• THE DATA:
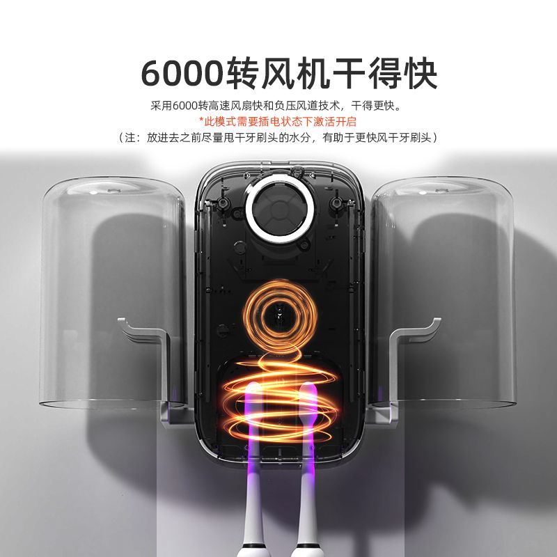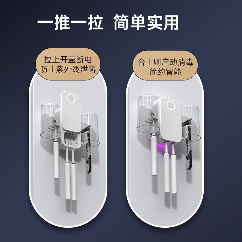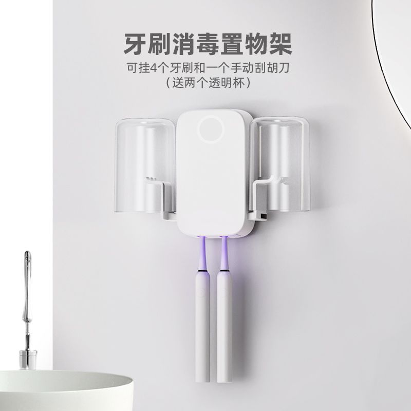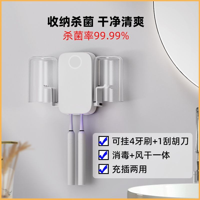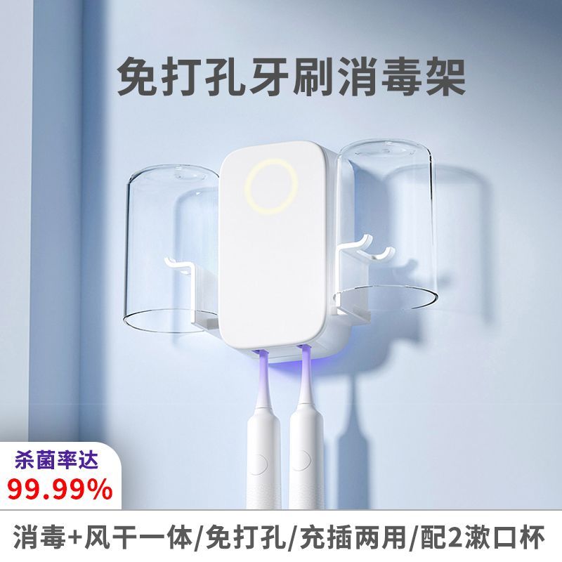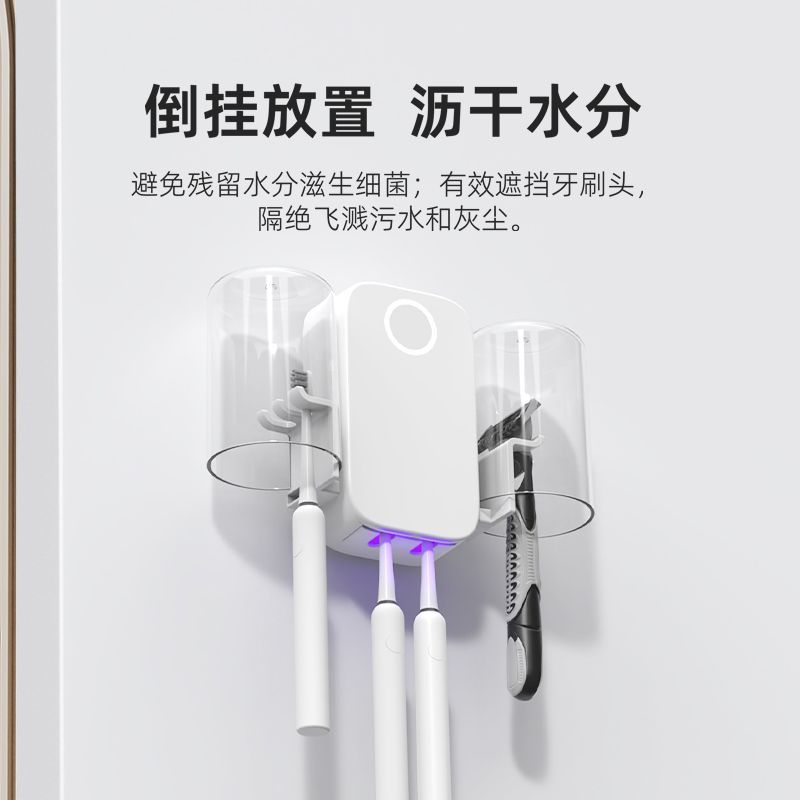 紫外线牙刷消毒架套装杀菌风干家用免打孔送漱口杯倒挂滤水防尘
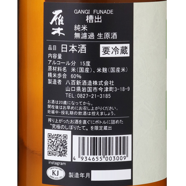 雁木 純米 FUNADE 槽出 無濾過生酒
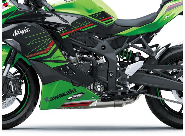 Designed using Kawasaki’s advanced dynamic rigidity analysis, this trellis frame made from high-tensile steel delivers the required balance of strength and chassis flex to achieve the Ninja ZX-4R’s nimble supersport-style handling.
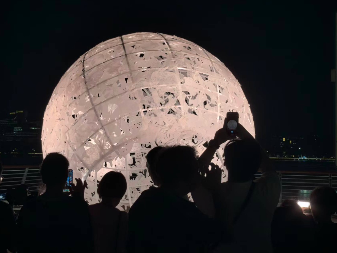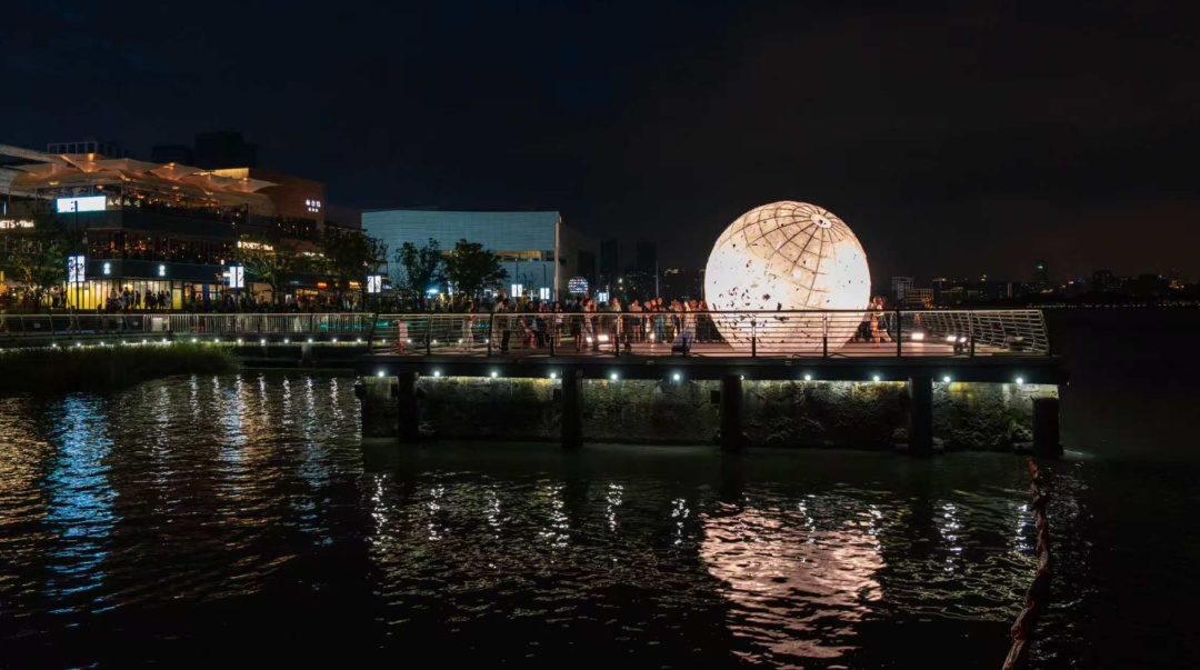 最精妙的设计在于其互动性。当观者环绕这枚带有冰裂纹理的“月亮”行走,或从岸边不同角度远眺,装置会如月相剧场般呈现出“阴晴圆缺”的视觉变化。PSA策展团队阐释其深意:“每一次转角可能遇见的‘满月’,都象征着人们对团圆最本真的向往。这种动态体验,让传承千年的中华‘月文化’变得可感、可触,有了温度。”

• TASK DIRECTIONS:
Output all the material exactly. The pictures are to be left out.

• TASK SOLUTION:
 紫外线牙刷消毒架套装杀菌风干家用免打孔送漱口杯倒挂滤水防尘
 雁木 純米 FUNADE 槽出 無濾過生酒
 Designed using Kawasaki’s advanced dynamic rigidity analysis, this trellis frame made from high-tensile steel delivers the required balance of strength and chassis flex to achieve the Ninja ZX-4R’s nimble supersport-style handling.
 最精妙的设计在于其互动性。当观者环绕这枚带有冰裂纹理的“月亮”行走,或从岸边不同角度远眺,装置会如月相剧场般呈现出“阴晴圆缺”的视觉变化。PSA策展团队阐释其深意:“每一次转角可能遇见的‘满月’,都象征着人们对团圆最本真的向往。这种动态体验,让传承千年的中华‘月文化’变得可感、可触,有了温度。”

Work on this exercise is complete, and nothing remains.